**Entries provided**
◆ ◆ ◆ ◆ ◆

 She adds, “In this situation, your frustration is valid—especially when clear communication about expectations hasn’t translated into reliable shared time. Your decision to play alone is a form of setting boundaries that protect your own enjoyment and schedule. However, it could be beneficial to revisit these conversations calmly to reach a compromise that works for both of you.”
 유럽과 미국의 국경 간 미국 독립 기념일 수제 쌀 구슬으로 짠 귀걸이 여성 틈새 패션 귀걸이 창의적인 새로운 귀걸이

◆ ◆ ◆ ◆ ◆

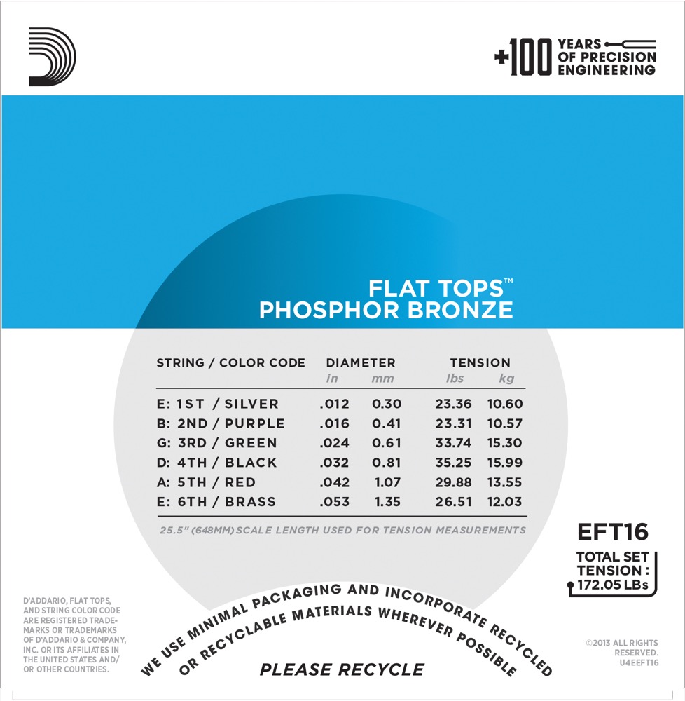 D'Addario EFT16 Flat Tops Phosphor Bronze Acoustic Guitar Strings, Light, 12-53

◆ ◆ ◆ ◆ ◆

**Work task**
All lines above from the one with "this situation, your" to the one with "유럽과 미국의 국경 간", inclusive, should be copied exactly, and no other lines.

**Solution to the problem**
 She adds, “In this situation, your frustration is valid—especially when clear communication about expectations hasn’t translated into reliable shared time. Your decision to play alone is a form of setting boundaries that protect your own enjoyment and schedule. However, it could be beneficial to revisit these conversations calmly to reach a compromise that works for both of you.”
 유럽과 미국의 국경 간 미국 독립 기념일 수제 쌀 구슬으로 짠 귀걸이 여성 틈새 패션 귀걸이 창의적인 새로운 귀걸이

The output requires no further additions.